Корабли гнили, вооружались плохо, флотоводцы не имели смелости духа требовать внимания к нелюбимому детищу императора. Звания на флоте все чаще давались не за длительность плавания, не за смелость и решительность, а по родству и за взятки. Современники не без ехидства заметили, что Россия содержит свой флот не для неприятелей, а для приятелей.
Федор Федорович, назначенный командующим Балтийским гребным флотом в 1802 году, ездил в порт регулярно, проверял умение гребцов, от коих и зависела скорость и маневр кораблей, командовал, отдавал распоряжения, а на душе скребли кошки. С каждым днем дело делать становилось все тяжелее, бессмысленнее даже. Он и так чувствовал насмешку и унижение в том, что его, командовавшего всем Черноморским флотом, повелевавшего объединенной Средиземноморской союзной эскадрой, поставили командовать гребной флотилией. Но умея не только командовать, но и подчиняться, — смолчал, покорился, ожидая изменений. Однако проходил месяц за месяцем, а изменений во флоте не намечалось.
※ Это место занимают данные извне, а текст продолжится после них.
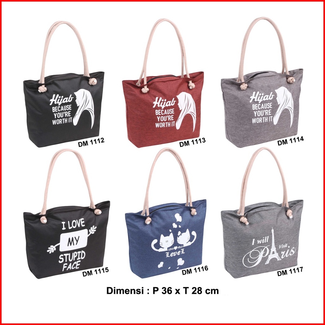 Zeintin - Tas Tote Bag Wanita Resleting Tas Tote Nilon Tali Sumbu Belanja Kuliah Dm

Или намечались, но к худшему, при всех высоких словах и обещаниях, при язвительном глумлении над прошлым. Молодой император Александр I с пылом к реформам, за которыми ощущались неуверенность и страх перед действиями тех, кто задушил его отца, менял коллегиальность в управлении на единоначалие, учреждал министерства. Учредили и Министерство военно-морских сил.